> Input data
• • • • • • •
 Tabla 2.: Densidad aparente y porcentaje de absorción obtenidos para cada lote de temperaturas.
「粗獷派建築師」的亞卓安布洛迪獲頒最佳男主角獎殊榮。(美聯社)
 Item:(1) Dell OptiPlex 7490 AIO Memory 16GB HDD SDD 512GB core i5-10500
• • • • • • •
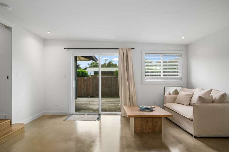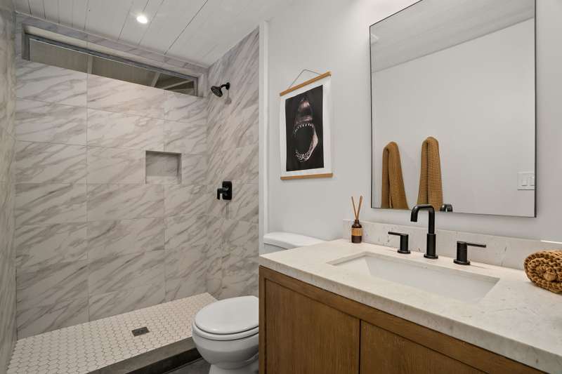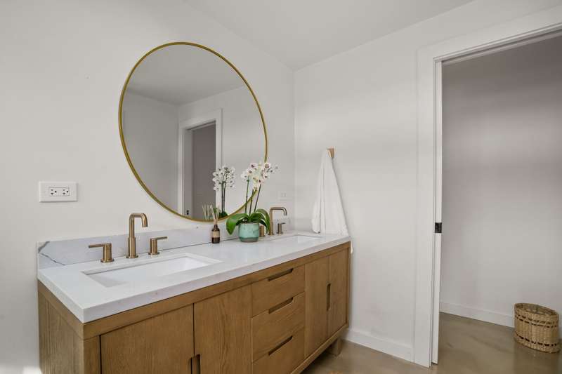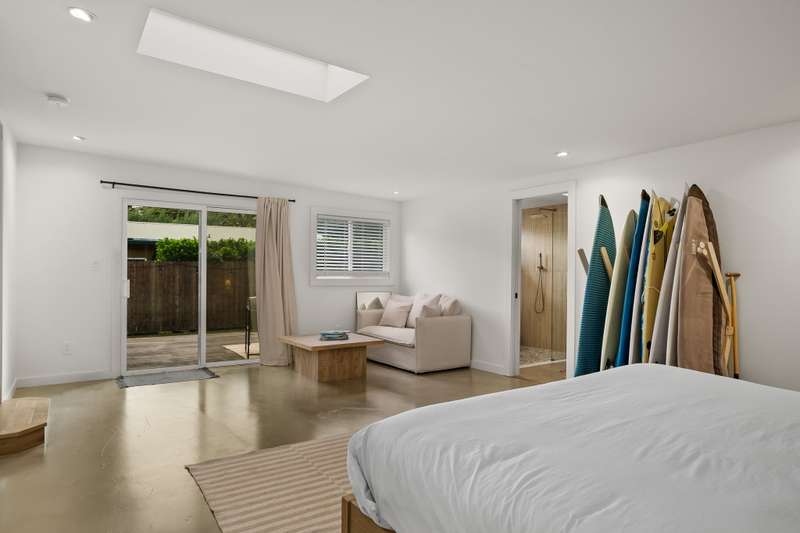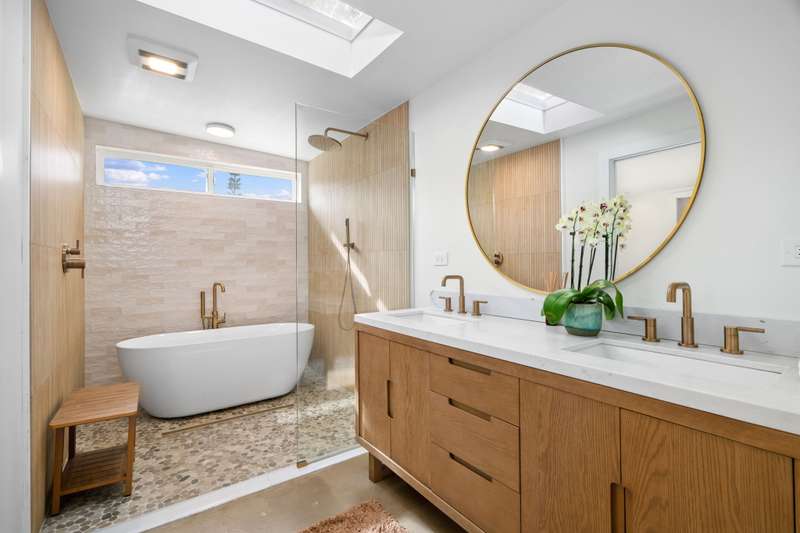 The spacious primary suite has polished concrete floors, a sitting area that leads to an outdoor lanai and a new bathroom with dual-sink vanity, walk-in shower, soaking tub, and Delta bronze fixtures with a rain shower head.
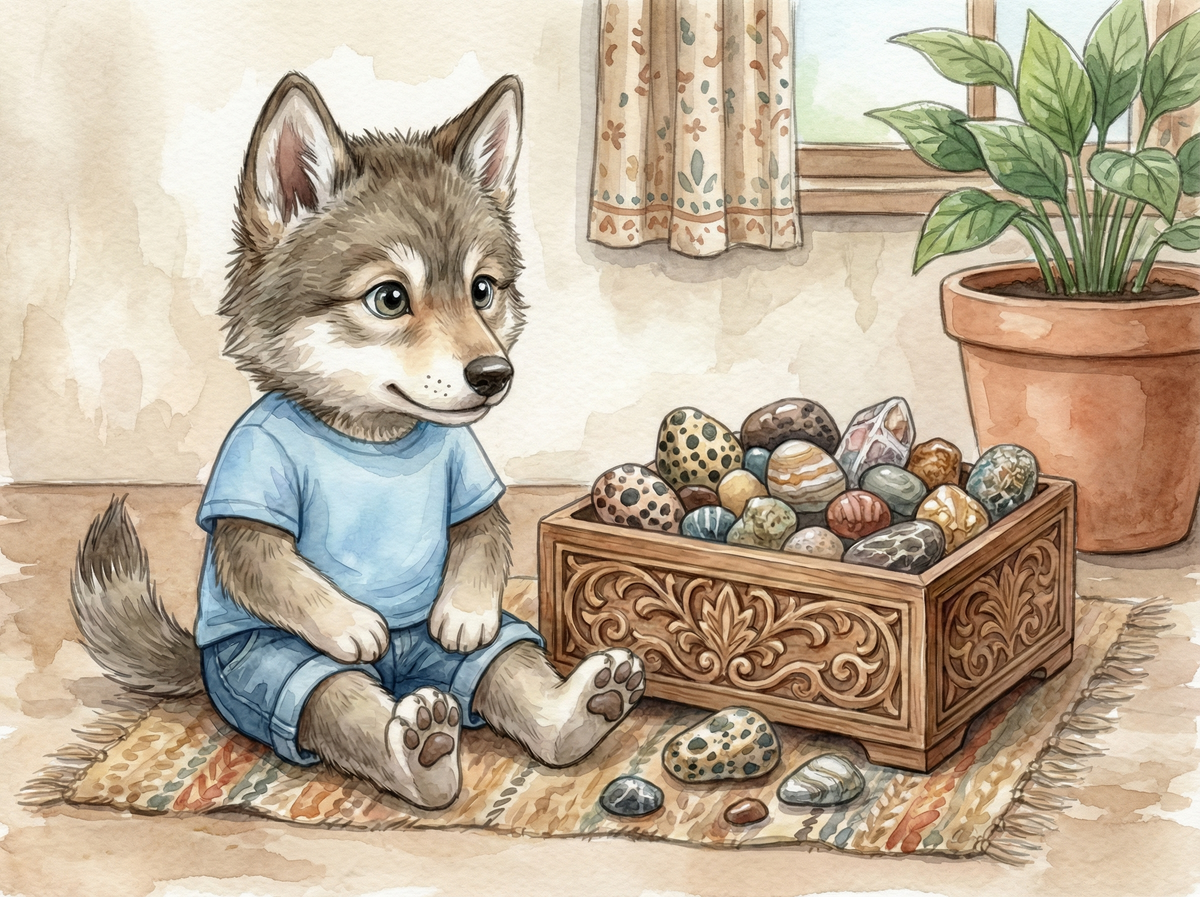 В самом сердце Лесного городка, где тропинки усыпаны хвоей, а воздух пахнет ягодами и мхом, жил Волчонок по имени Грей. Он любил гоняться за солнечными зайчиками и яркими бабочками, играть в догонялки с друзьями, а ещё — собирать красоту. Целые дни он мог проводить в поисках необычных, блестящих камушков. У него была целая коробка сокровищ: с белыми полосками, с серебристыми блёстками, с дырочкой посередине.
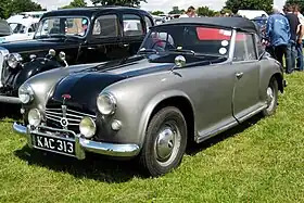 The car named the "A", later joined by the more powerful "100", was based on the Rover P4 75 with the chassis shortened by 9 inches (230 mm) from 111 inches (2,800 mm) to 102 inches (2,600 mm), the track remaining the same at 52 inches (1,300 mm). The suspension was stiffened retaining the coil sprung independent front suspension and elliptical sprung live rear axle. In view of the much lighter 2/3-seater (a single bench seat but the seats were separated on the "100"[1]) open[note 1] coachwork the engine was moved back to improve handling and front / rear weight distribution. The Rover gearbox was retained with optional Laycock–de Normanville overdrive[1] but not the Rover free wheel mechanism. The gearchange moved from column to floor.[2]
• • • • • • •
An exact, complete copy of the lines above from the one with "Tabla 2.: Densidad" through the one with "Item:(1) Dell OptiPlex" is the whole answer.

 Tabla 2.: Densidad aparente y porcentaje de absorción obtenidos para cada lote de temperaturas.
「粗獷派建築師」的亞卓安布洛迪獲頒最佳男主角獎殊榮。(美聯社)
 Item:(1) Dell OptiPlex 7490 AIO Memory 16GB HDD SDD 512GB core i5-10500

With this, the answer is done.